After being among the worst-hit countries by the pandemic last year, Italy began its vaccine campaign in late December but failed to focus exclusively on the most at-risk groups – the elderly.
Had it stuck more rigidly to the “ideal” plan of vaccinating older people, Italy would have suffered 8,000 fewer coronavirus deaths, according to expert Matteo Villa.
Villa, a researcher from the ISPI think-tank in Milan, said 33,000 people have died since early January.
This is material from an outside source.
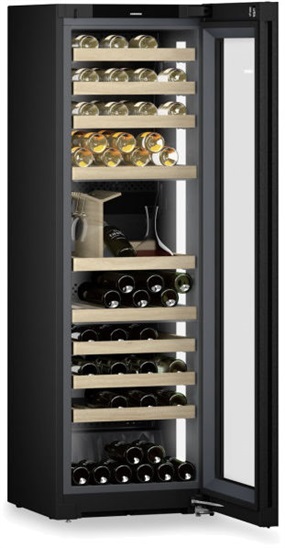 en.třída F; Vinotéka temperovaná 3 zónová, objem 357 l, max.počet lahví Bordeaux 0,75l- 85 ks, materiál polic: bukové dřevo, Sommelier board, počet úložných ploch 10, integ. SmartDevice, Digitální ukazatel teploty pro 3 oddělené klimatické zóny, Teplotní rozsah +5°C až +20°C, Presentation Light, Zámek elektronický (bez DO), SuperSilent, Zapuštěné madlo, Dveře: Izolační sklo, UV Protect Plus, Černé sklo
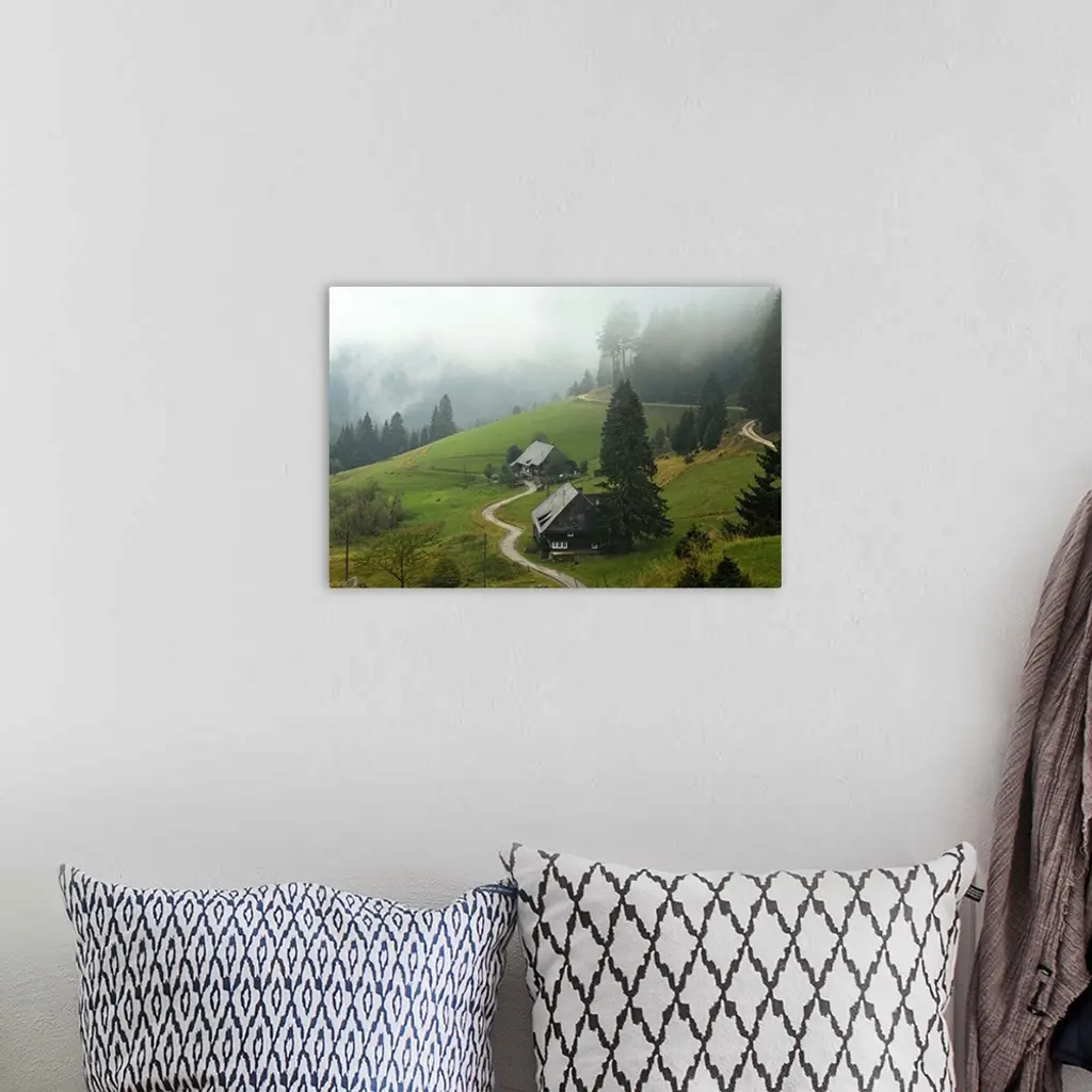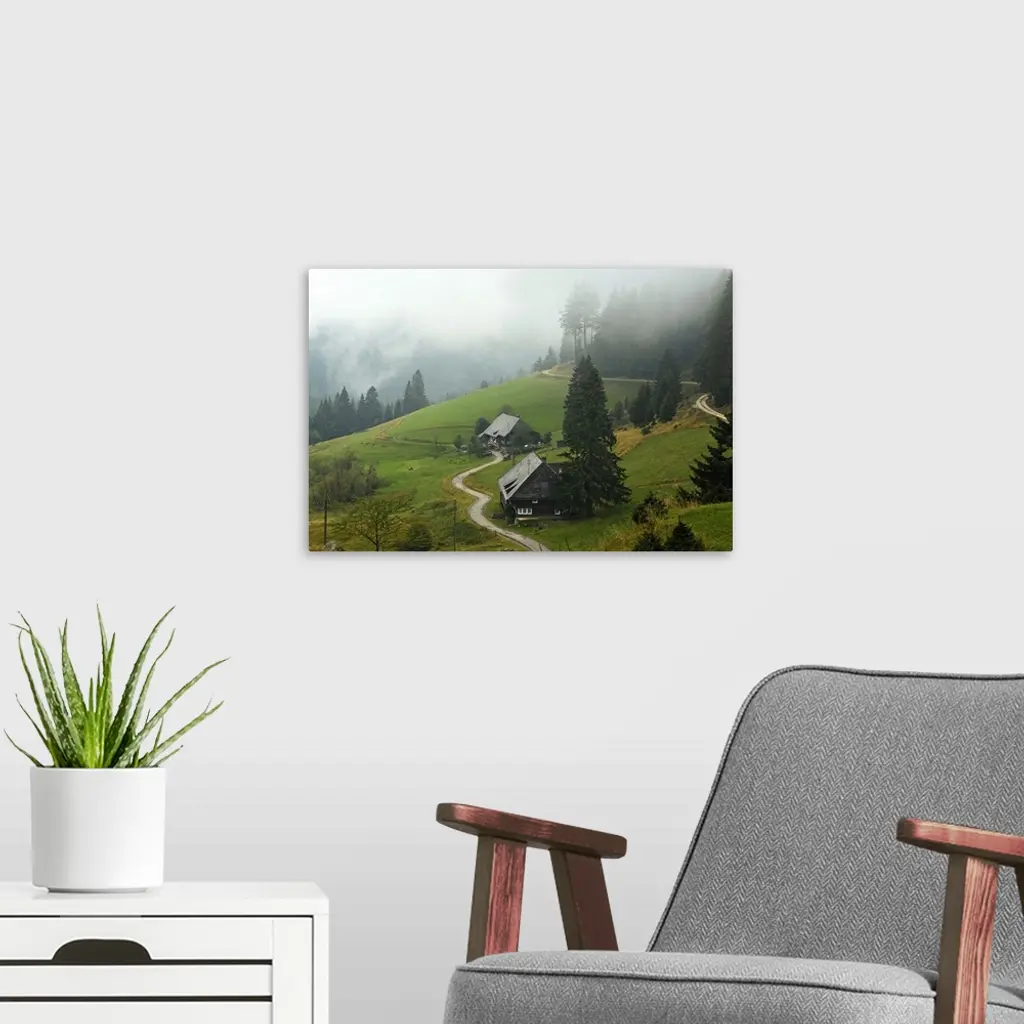 Farmhouses in fog, Muchenland, Black Forest, Baden-Wurttemberg, Germany wall art for home and office decor. Discover canvas art prints, photos, mural, big canvas art and framed wall art in GreatBigCanvas.com's varied collections.

With more targeted jabs, “it could have been 25,000,” he said.
“An unbalanced strategy, the delays of the regions and vaccine cheats have brought us here,” he said on Friday.
IN CHARTS: Who is being vaccinated in Italy?
At a news conference late Thursday, Draghi warned regional governments they must improve vaccine efforts if they want to see current restrictive measures lifted, and attacked those taking jabs who were not in priority groups.
Draghi asked “in what conscience” people not eligible for the vaccine were “skipping the waiting list, trying to get vaccinated earlier, even knowing that, in this way, those over 65 or frail are left exposed to a real risk of death?”
His comments came as Italian media reported that up to 30 percent of vaccines in some regions appeared to have been incorrectly given to people who were not in priority groups.
Investigators concerned about mafia infiltration have ordered four regions – Sicily, Calabria, Campania and Valle D’Aosta – to turn over vaccination data and explain how they prioritised jabs.
Government data shows Italy has administered a total of 12 million vaccinations to date, with 4.2 million to those aged 80 and above and only 1.26 million to those in their 70s.
Meanwhile, 3.1 million have supposedly gone to health workers, a million to educational professionals – and 2.4 million to a hazy category defined as “others”.
In the regon of Puglia, thousands of the people classed as medical workers when being vaccinated were found to have no connection with the health service, the head of the region’s medical inspection unit told the Financial Times.
“We cross referenced the data with social security information and found there were many people getting doses with no right to them: friends of friends, associates, parents,” he said.
Italy’s national vaccination plan has already been criticised for allowing younger, healthier people to be vaccinated while more vulnerable older groups have been vaccinated in relatively low numbers.
Draghi on Thursday said this had to change: “The risk of death is highest for those over 75 years of age, so the elderly must be vaccinated as a matter of priority,” Draghi said.
Draghi said his government’s coronavirus emergency commissioner would now instruct regional health authorities to “stop vaccinating those under 60, young people, psychologists that are 35 years old”.
Under the previous government, Italy had initially prioritised healthcare workers and teachers as well as over-80s in the early phase of its vaccine roll-out. The aim of this plan was to protect front-line workers.
Meanwhile, some regional healthcare systems had more controversially prioritised vaccinating other groups of professionals first, including lawyers and journalists.
Academic researchers, many aged under 40 and working from home, have also been given vaccines as a priority.
Younger adults working in certain professions were initially given the vaccine when Italy was restricting the use of the AstraZeneca vaccine on older age groups – first saying it should not be used on over 55s, then over 65s.
In the latest change to the medical advice however, Italy is now recommending the AstraZeneca vaccine be used on over-60s only.
Emergency commissioner General Francesco Paolo Figliuolo on Thursday stated: “From today, the inoculation of the AstraZeneca vaccine is open to the 60-79 year old group, while those under 60 who have already received the first dose will also receive the second.”
He stressed that he would not revise Italy’s target of administering half a million doses daily by the end of April, despite the current average number of daily doses being around 240,000.
The prime minister meanwhile insisted on Thursday that: “The April doses are sufficient to vaccinate the entire population over eighty and most of the over 75”.
After Draghi’s government last updated the list of priority groups, the number of vaccine doses going to the over-70s had already increased at the start of April to six out of every ten shots administered.
However, 43 per cent of Italians aged 80 or over are still waiting for a first vaccine dose, the most recent available health ministry data shows, and 88 per cent of those aged 70-79 have not had their first dose.
The number of people in the 30-39 age group who have received a jab is currently similar to the number in their 70s.
There have also been major disparities across the country in the number of vaccines administered to the over-80s, in part due to the fact that each region manages its own health service and can set its own vaccination schedule.
The percentage of people over 80 who have been fully vaccinated ranges from almost 60 percent in South Tyrol to 14 percent in Sardinia, according to data analysis by the GIMBE independent evidence-based medicine foundation.
While Italy’s vaccine campaign is progressing similarly to those in other EU member states, the slower-than-hoped pace of the vaccine rollout is causing high levels of frustration in the country, as the death toll remains high, and is rising more sharply than in other major European countries.
Meanwhile, lockdown restrictions have been extended until at least the end of April and the government is not able to commit to reopening dates for the tourism sector and other businesses hit hard by the crisis and ongoing closures.